# Straight line problem

1. Jan 21, 2014

### Dumbledore211

1. The problem statement, all variables and given/known data
Show that the point (-1/2, -2) is equidistant from the straight lines 2x-3y+4=0 and 6x+4y-7=0

2. Relevant equations

distance between the points= {(x1-x2)^2+(y1-y2)^2}^1/2

3. The attempt at a solution
All I know is that the given two straight lines are perpendicular to each other. It would be very helpful if anyone of you could drop a hint as to how I should use this fact in proving the fact that the given point is at an equal distance from the given straight lines

2. Jan 21, 2014

Did you draw any graphs?

3. Jan 21, 2014

### BvU

I don't see the relevance of your equation.
Do you know how to calculate the distance between two parallel lines ?

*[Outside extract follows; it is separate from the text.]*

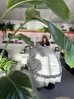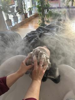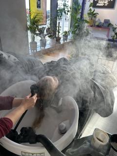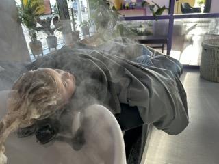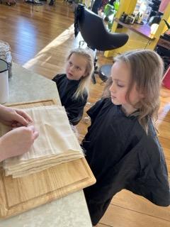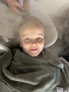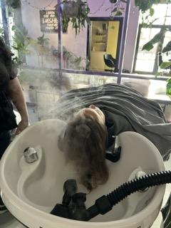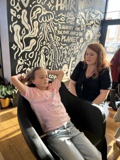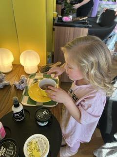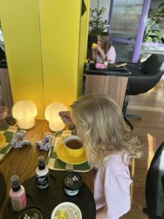 This is where Lush Hair Lab really stands out. Instead of sitting upright at a sink, the girls were laid onto comfortable spa beds and tucked under weighted blankets. Their hair was washed using steam and Lush products, creating a warm, soothing and incredibly relaxing experience.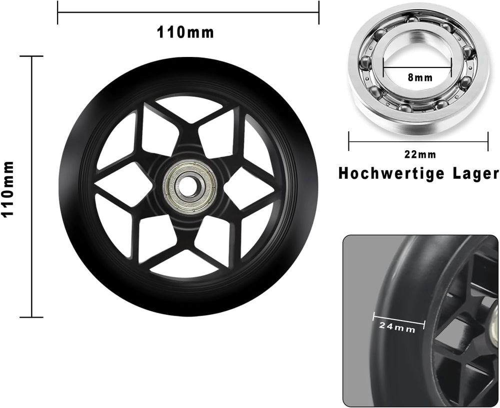 MaxEarn 2 Stück Scooter Ersatzräder 110 mm, Schwarz Stunt Scooter Rollen mit ABEC-9 Kugellager, Härt

For example between 6x + 4y = 7 and 6x + 4y = -11 ?

(The latter happens to go through the point -1/2, -2 )

4. Jan 21, 2014

### Ray Vickson

I don't see the relevance of your questions. The two lines given by the OP are not parallel.

5. Jan 21, 2014

### Tanya Sharma

Just find the distance between the given point and the first line .Then calculate the distance between the point and the second line .You will get same distances in the two cases .

The distance between a point (p,q) and line Ax+By+C=0 is given by |Ap+Bq+C|/√(A2+B2)

6. Jan 21, 2014

### eXmag

sorry post error

7. Jan 22, 2014

### haruspex

No, but because the lines are perpendicular to each other, the 'dropped perpendicular' from the point to one line will be parallel to the other line. Whether that saves anything I'm not sure.

8. Jan 22, 2014

### BvU

Dear professor Dumbledore,
Do you recognize/understand the formula as spelled out by Tanya? If so, the exercise is straightforward as she says (work, yuch!).
In #1 (2) you made me a bit careful, since there are no two points in the OP. Yet in #1 (3) you quite correctly observe the two lines are perpendicular and you sniff that there might be a smart mathemagical trick to avoid superfluous work. Good attitude!